_Exercise prompt_
The required result is an exact copy of every line from the one with "101.11.10 天氣晴朗、美好的禮拜六,我又難逃加班的命運 下午做的很不順,跟張姐兩人都做的好累" through the last line below, with the pictures left out.

_The data_
────────────────────

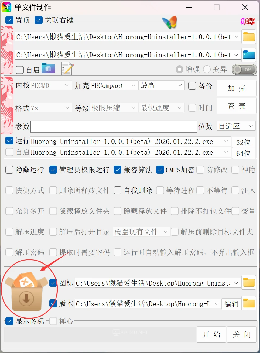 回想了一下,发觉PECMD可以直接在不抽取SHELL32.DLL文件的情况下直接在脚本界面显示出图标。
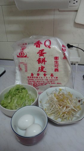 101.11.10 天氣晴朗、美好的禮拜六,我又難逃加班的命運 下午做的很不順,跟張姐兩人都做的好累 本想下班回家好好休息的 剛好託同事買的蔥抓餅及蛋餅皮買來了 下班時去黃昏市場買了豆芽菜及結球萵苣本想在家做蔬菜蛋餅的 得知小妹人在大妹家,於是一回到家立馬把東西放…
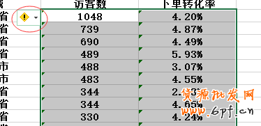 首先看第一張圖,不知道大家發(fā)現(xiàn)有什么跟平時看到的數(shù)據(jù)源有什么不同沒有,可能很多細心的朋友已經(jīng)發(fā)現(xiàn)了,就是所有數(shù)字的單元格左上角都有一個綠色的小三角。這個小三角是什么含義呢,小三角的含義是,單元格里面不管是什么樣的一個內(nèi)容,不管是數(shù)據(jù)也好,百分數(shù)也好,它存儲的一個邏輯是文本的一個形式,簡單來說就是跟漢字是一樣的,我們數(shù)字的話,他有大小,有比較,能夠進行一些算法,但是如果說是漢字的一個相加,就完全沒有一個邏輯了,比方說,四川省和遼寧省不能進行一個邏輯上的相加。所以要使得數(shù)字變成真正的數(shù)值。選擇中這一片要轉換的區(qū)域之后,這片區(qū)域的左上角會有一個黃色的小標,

────────────────────

_Task output_
 101.11.10 天氣晴朗、美好的禮拜六,我又難逃加班的命運 下午做的很不順,跟張姐兩人都做的好累 本想下班回家好好休息的 剛好託同事買的蔥抓餅及蛋餅皮買來了 下班時去黃昏市場買了豆芽菜及結球萵苣本想在家做蔬菜蛋餅的 得知小妹人在大妹家,於是一回到家立馬把東西放…
 首先看第一張圖,不知道大家發(fā)現(xiàn)有什么跟平時看到的數(shù)據(jù)源有什么不同沒有,可能很多細心的朋友已經(jīng)發(fā)現(xiàn)了,就是所有數(shù)字的單元格左上角都有一個綠色的小三角。這個小三角是什么含義呢,小三角的含義是,單元格里面不管是什么樣的一個內(nèi)容,不管是數(shù)據(jù)也好,百分數(shù)也好,它存儲的一個邏輯是文本的一個形式,簡單來說就是跟漢字是一樣的,我們數(shù)字的話,他有大小,有比較,能夠進行一些算法,但是如果說是漢字的一個相加,就完全沒有一個邏輯了,比方說,四川省和遼寧省不能進行一個邏輯上的相加。所以要使得數(shù)字變成真正的數(shù)值。選擇中這一片要轉換的區(qū)域之后,這片區(qū)域的左上角會有一個黃色的小標,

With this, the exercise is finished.